> [Action item]:
Write out an exact copy of the line containing "张大伟指出,二手房市场调整压" and all lines that follow it in the data below, leaving out pictures.

> [Records supplied]:
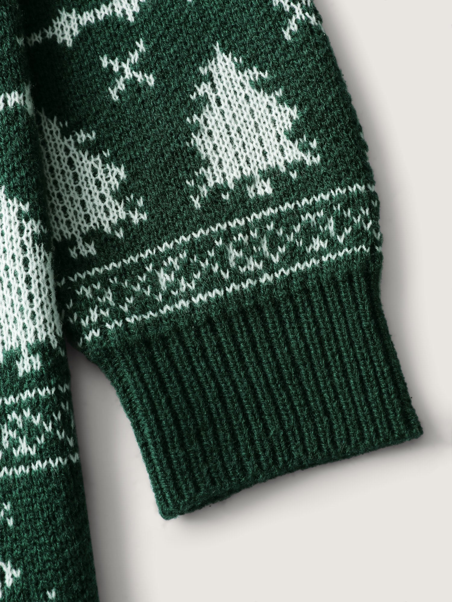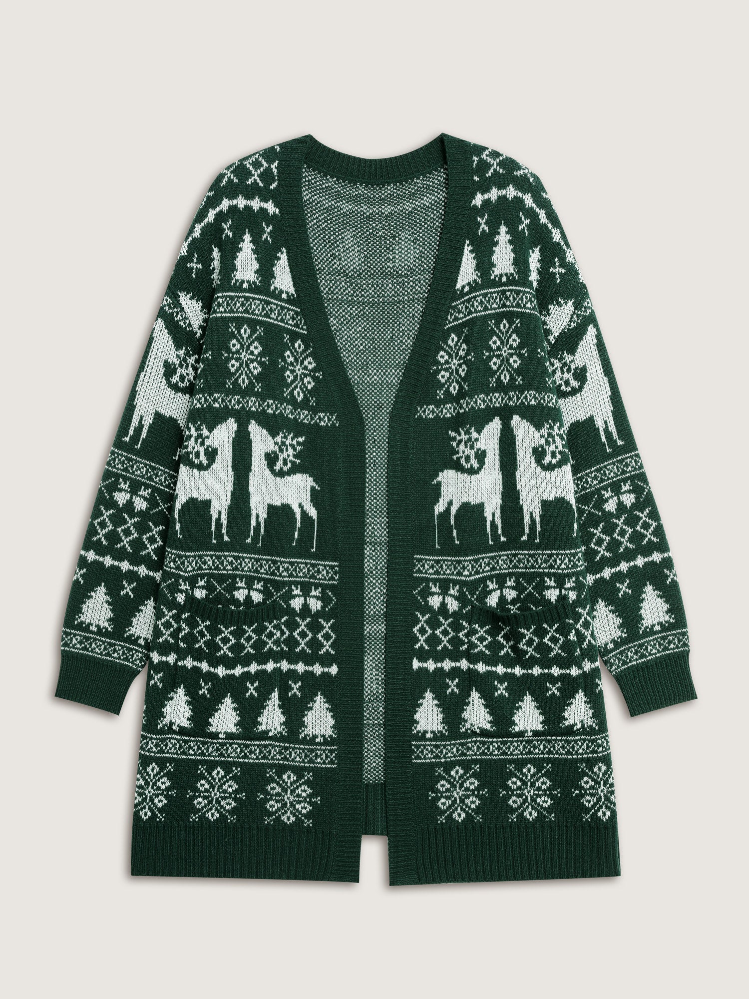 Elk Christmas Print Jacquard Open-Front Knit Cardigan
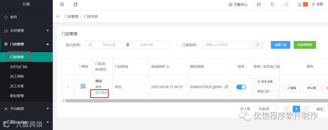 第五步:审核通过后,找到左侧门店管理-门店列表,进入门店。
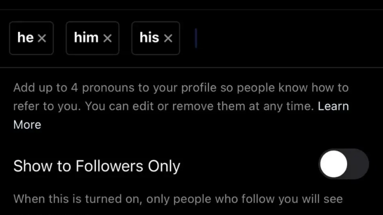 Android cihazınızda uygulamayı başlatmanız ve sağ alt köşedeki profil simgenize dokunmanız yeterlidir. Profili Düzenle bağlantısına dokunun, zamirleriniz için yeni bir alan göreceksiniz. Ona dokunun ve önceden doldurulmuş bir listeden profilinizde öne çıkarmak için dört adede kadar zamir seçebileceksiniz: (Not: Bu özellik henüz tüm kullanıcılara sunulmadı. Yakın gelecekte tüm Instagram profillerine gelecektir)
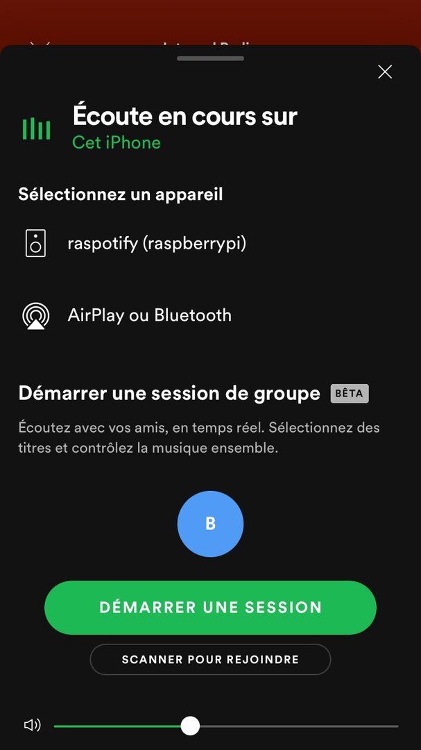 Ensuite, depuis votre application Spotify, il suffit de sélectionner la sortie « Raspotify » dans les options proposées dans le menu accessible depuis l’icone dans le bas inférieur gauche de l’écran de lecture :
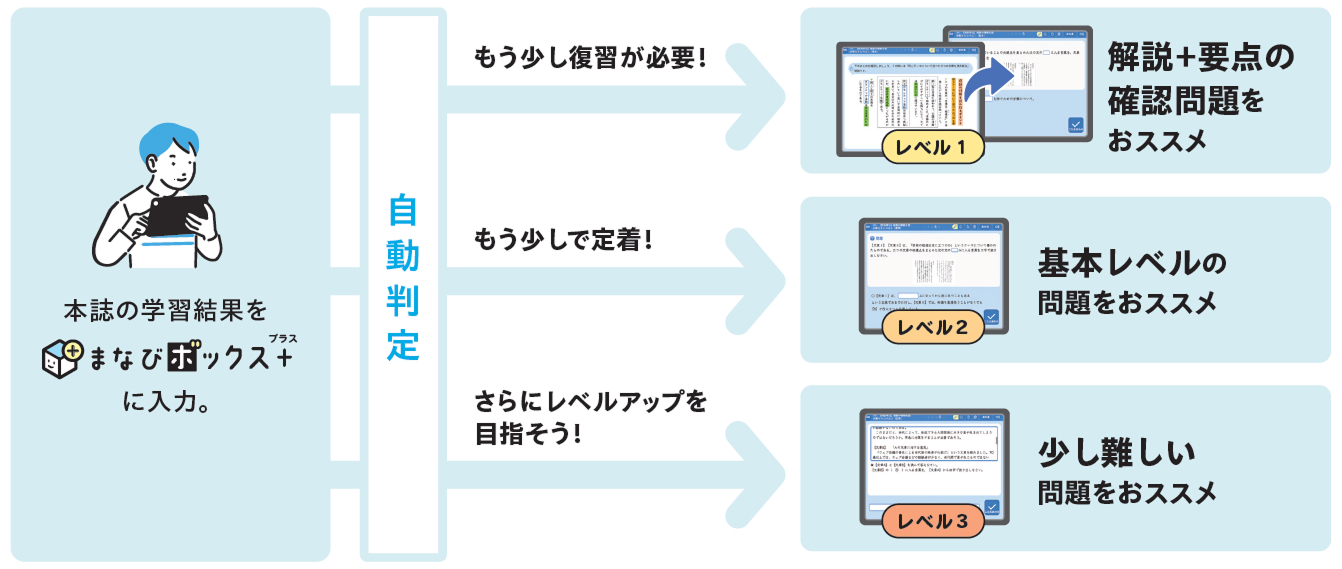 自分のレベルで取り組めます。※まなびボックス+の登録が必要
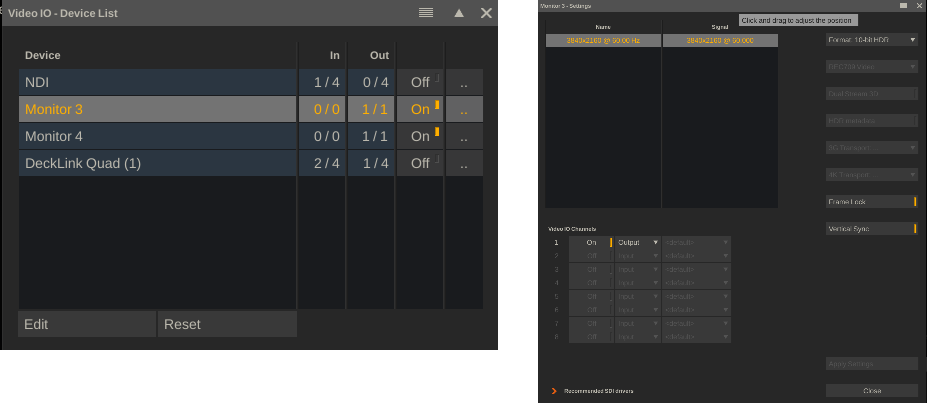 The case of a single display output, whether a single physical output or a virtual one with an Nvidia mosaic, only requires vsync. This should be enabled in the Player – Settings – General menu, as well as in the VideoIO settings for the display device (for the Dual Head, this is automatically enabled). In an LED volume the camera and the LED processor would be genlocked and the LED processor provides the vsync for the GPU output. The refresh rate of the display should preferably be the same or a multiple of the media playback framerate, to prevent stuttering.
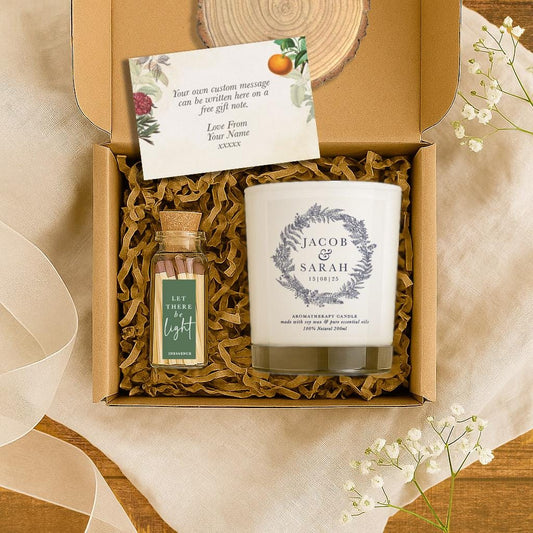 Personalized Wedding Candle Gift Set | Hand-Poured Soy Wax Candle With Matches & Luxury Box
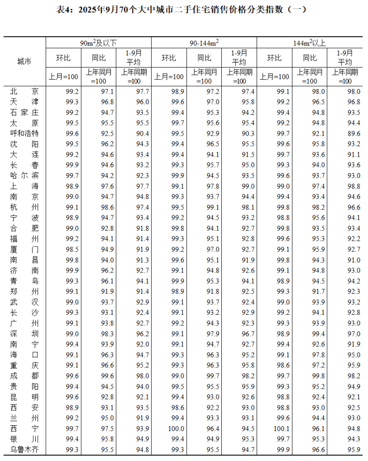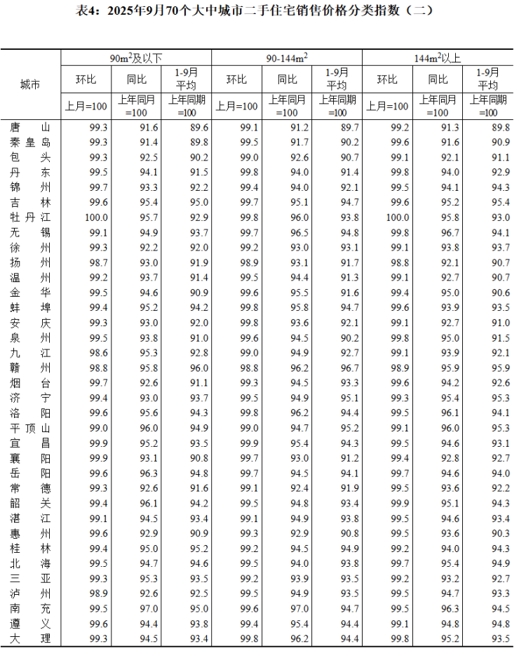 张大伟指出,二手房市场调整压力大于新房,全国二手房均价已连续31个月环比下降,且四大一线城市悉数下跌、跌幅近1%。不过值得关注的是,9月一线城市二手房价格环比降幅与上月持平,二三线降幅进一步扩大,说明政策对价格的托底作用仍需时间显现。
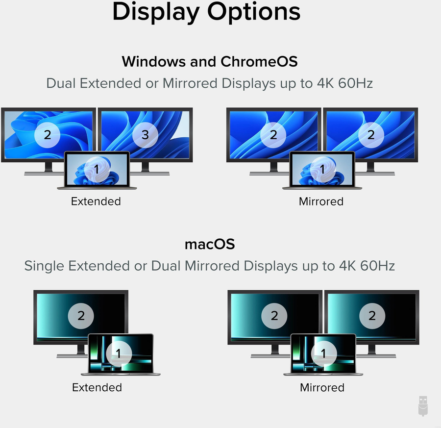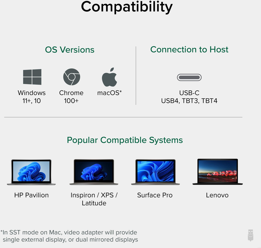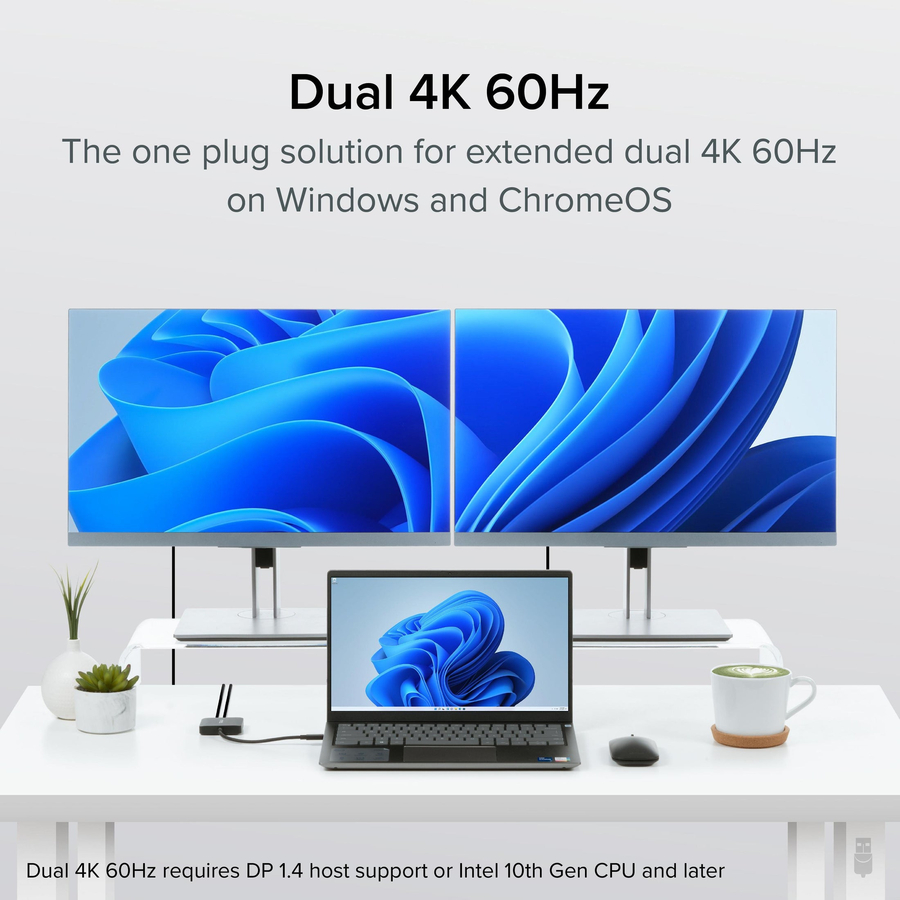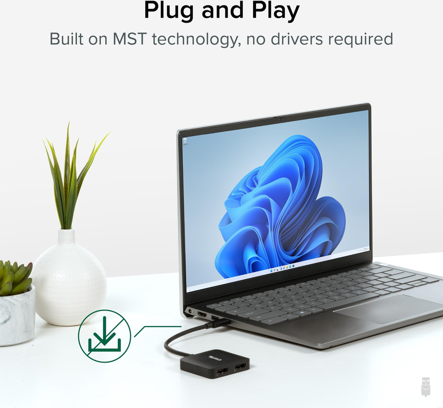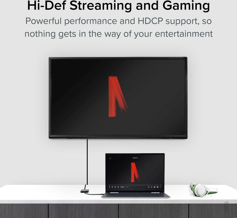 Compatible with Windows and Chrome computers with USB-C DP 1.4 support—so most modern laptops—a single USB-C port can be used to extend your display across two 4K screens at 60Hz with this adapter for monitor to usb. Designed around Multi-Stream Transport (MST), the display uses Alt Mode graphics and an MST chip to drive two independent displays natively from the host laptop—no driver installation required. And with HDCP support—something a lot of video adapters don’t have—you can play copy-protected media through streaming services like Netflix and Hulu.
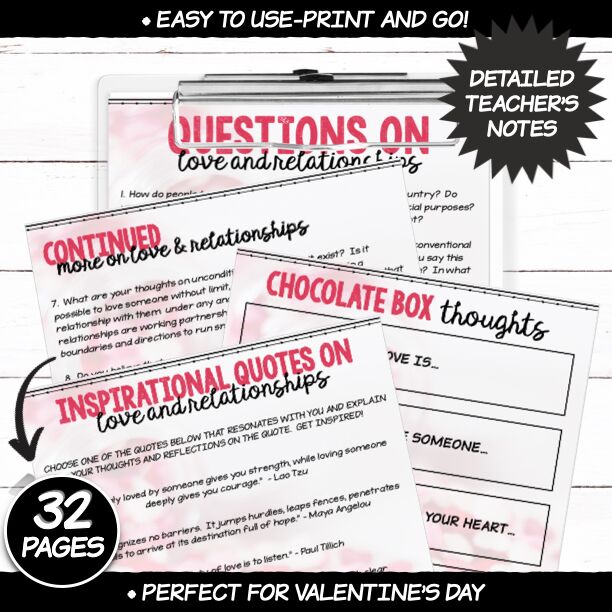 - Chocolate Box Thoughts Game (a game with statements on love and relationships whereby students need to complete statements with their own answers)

> [Written solution]:
 张大伟指出,二手房市场调整压力大于新房,全国二手房均价已连续31个月环比下降,且四大一线城市悉数下跌、跌幅近1%。不过值得关注的是,9月一线城市二手房价格环比降幅与上月持平,二三线降幅进一步扩大,说明政策对价格的托底作用仍需时间显现。
 Compatible with Windows and Chrome computers with USB-C DP 1.4 support—so most modern laptops—a single USB-C port can be used to extend your display across two 4K screens at 60Hz with this adapter for monitor to usb. Designed around Multi-Stream Transport (MST), the display uses Alt Mode graphics and an MST chip to drive two independent displays natively from the host laptop—no driver installation required. And with HDCP support—something a lot of video adapters don’t have—you can play copy-protected media through streaming services like Netflix and Hulu.
 - Chocolate Box Thoughts Game (a game with statements on love and relationships whereby students need to complete statements with their own answers)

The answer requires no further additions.